The presence of honor in modern societies is, however, not extinct simply because of the presence of law. Law and the increased presence of enforcement of those laws influence the presence of honor, but do not extinguish it entirely: “But honor has not disappeared from modern society; it has just moved down the social pyramid… Never the less honor retains the same core, laying out a code of conduct that commands the use of violence in certain situations,” (Cooney 114). The presence of honor “inhibitors” such as dignity and laws has the most influence at the top of the social ladder. In a pyramid model of a society where the most powerful and privileged are at the top and the least powerful and privileged are at the bottom, a stronger appearance of honor culture at the bottom of the pyramid is reflective of impacting potentially more people and also of the fact that that there is less honor at the top of the pyramid. The relationship between law, dignity, and honorable reasoning would conclude that there is more law at the top of society’s pyramid and less at the bottom. The relationship between honor and dignity is nearly always going to be inversely correlated and an increase in either will result in the reduced presense of the other, but the distinction within society is not clearly black and white between the two. The dominance of one or the other, however, will not prevent them from mixing on multiple levels.

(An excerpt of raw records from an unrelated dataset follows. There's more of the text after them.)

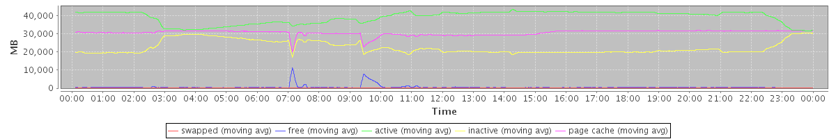 avg(swapped) = 5.32 avg(free) = 614.51 avg(active) = 39243.79 avg(inactive) = 22560.61 avg(page cache) = 30695.15
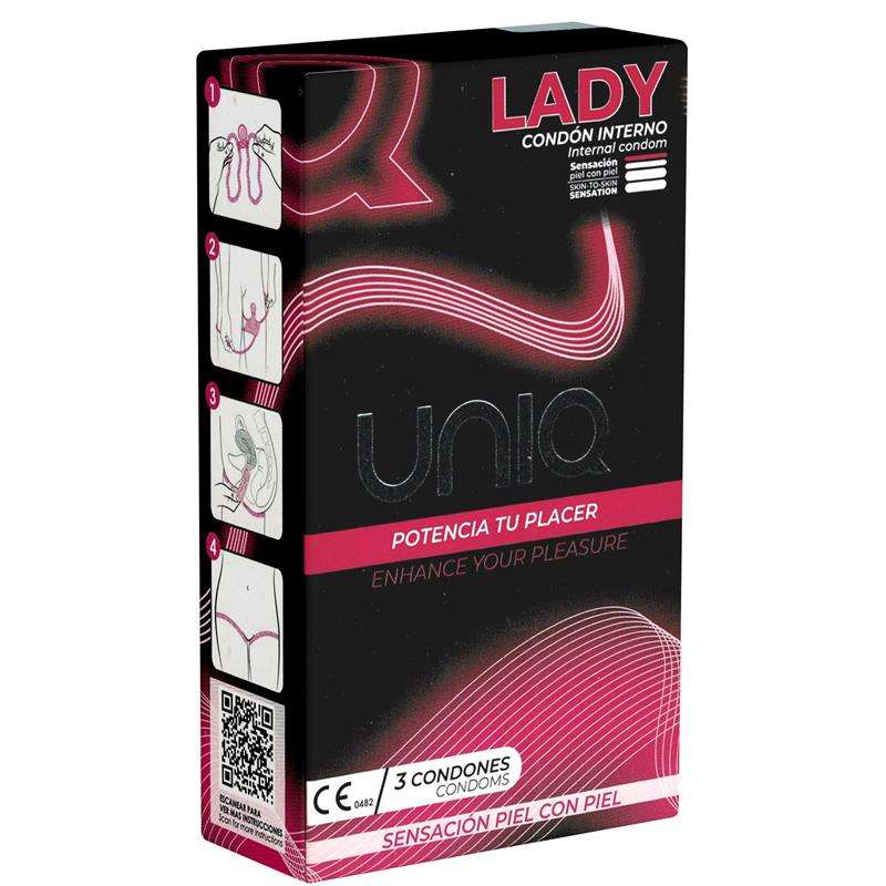 Uniq Lady are extra-resistant and hypoallergenic female condoms, made with latex-free AT-10 resin. Designed for maximum pleasure while keeping you more secure, Uniq Lady provides much more sensitivity than other condoms. You no longer have to worry about men putting on a condom: use yours instead. Once Uniq Lady condoms are put on, neither you nor your partner will be able to feel it. You will only see sexy lace garters wrapped around your thighs. Transparent, lubricated and odorless condoms are compatible with any type of lubricant.
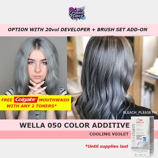 Wella 050 cooling violet used as a; I bleached my hair then directly threw that and developer on after. Wella color charm cooling violet color charm liquid permanent hair color additive. I mixed this with a 050 wella additive. This is an inexpensive and easy way to remove any orange and yellow hair tones to get that beautiful ashy blonde hair.
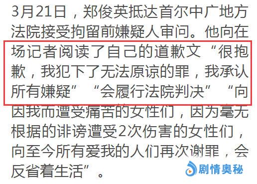 3月21号,郑俊英公开发布道歉声明:很抱歉,我犯下了无法原谅的罪,我承认所有嫌疑,会履行法院判决!向因我而遭受痛苦的女性们,因为毫无根据的诽谤遭受2次伤害的女性们,向至今所有爱我的人们再次谢罪,会反省着生活。
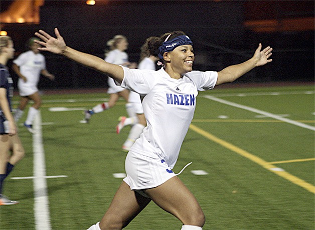 Hazen got on the board early when Dee Dee Green, a transfer from Kennedy, took a pass from Tyra Markey up the left side. Green looked to cross a pass inside, saw how the Kennedy defenders were positioned and shot instead. Her goal put Hazen up 1-0 six minutes into the game.
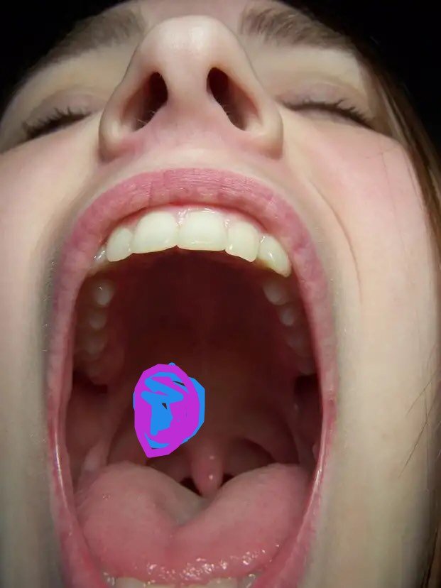 Всех приветствую, как и обещала рассказываю о том, как мне удаляли первый раз в жизни зуб мудрости. Начал доктор с самого простого, с верхней челюсти. Удаление действительно было не сложным, по времени это заняло минуты две, но когда на финишной прямой доктор тянул зуб, он выскользнул из инструмент эта и со всей силы отлетел мне в нёбо и упал под язык. Хорошо, что в горло не проскочил. Под анестезией мне показалось, что зуб просто слегка горло задел, но на деле все выглядело к вечеру примерно как на схеме ниже. Прошу прощения, не догадалась сфотать себя(( Но синяк был расположен вот прямо так и потом постепенно спускался ниже, было невозможно глотать, как при жёсткой ангине. Прошло это все буквально за три дня. И это самое лёгкое удаление зуба мудрости в моей жизни. Если вы ещё не читали мою историю удаления нижней 8-ки, то советую прочесть, надеюсь что будет полезно и интересно.
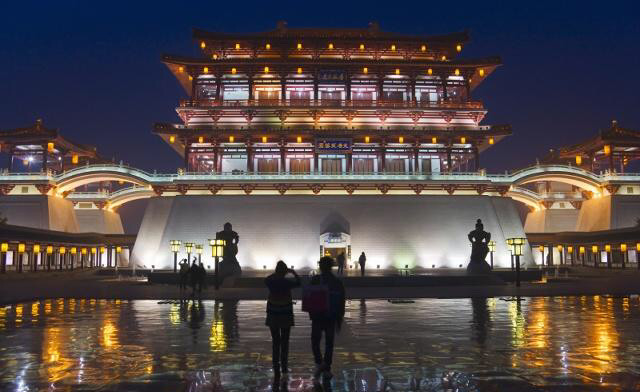 图为大明宫遗址公园丹凤门夜景

The combined values of dignity and honor can be found in most modern societies, but the ways in which honor can still reason an existence will often be adapted to the law rather than eliminated by it. Honor can create its own opportunities: “An honorable person must display heart, must not only be prepared to fight but be seen to, for in the competitive world of honor others will create tests: ‘There are always people around looking for a fight to increase their share of respect’,’ (Cooney 115). Because honor promotes displays of dominance, it is also a highly competitive culture. Such competition creates a dynamic in which honor requires maintenance, constant attention and update to stay in control. The fear that someone’s honor could be forgotten or mistaken would lead to the danger of being violated by the other. This fear of not having a known presence in the community for honor drives people to seek out opportunities where honor can be acquired and things like competitions are created to meet this need within the society. Accumulation of honor can achieved legally through sport or ceremony just as it can be done by picking a fight. Both offer options for the individual to prove themselves to the public.

The point of conflict between dignity and honor in culture is rooted in different perspectives on the experiences and consequences for responding to a threat. An emphasis on dignity will lead people to avoid conflict, while honor results in the opposite, calling people into conflict for fear that the consequences for being weak are a greater loss: “As in days gone by, maintaining a public reputation for fearlessness is a central consideration for those located within a modern culture of honor… Turning the other cheek does no good, avoiding confrontation now will only attract more later. Word that somebody can be taunted or pushed around will inevitably spread,” (Cooney 115). The requirements for reputation in honor culture are oriented around safety and protection that in dignity culture is provided by the state. The responsibility for protection is then outsourced in dignity culture because the reputation of the authorities is what absorbs the cultural capital of reputation that normally falls on the individuals in honor culture. Dignity culture in this context can actually be seen as the more liberating option of the two; while honor culture reflects more natural tendencies to be dominated by the strong for practical reasons of power, dignity culture would be far less likely to obligate its people to conflicts that are always a risk to competitors, combatants or rivals. Honor culture in many ways can obligate individuals to defend their honor in very unforgiving settings. A kind of honor “bondage” sets in because the members of the community cannot afford to be seen as weak and must act on the disrespect or offense of others to prevent appearing as an opportunity to bigger transgressions in the future.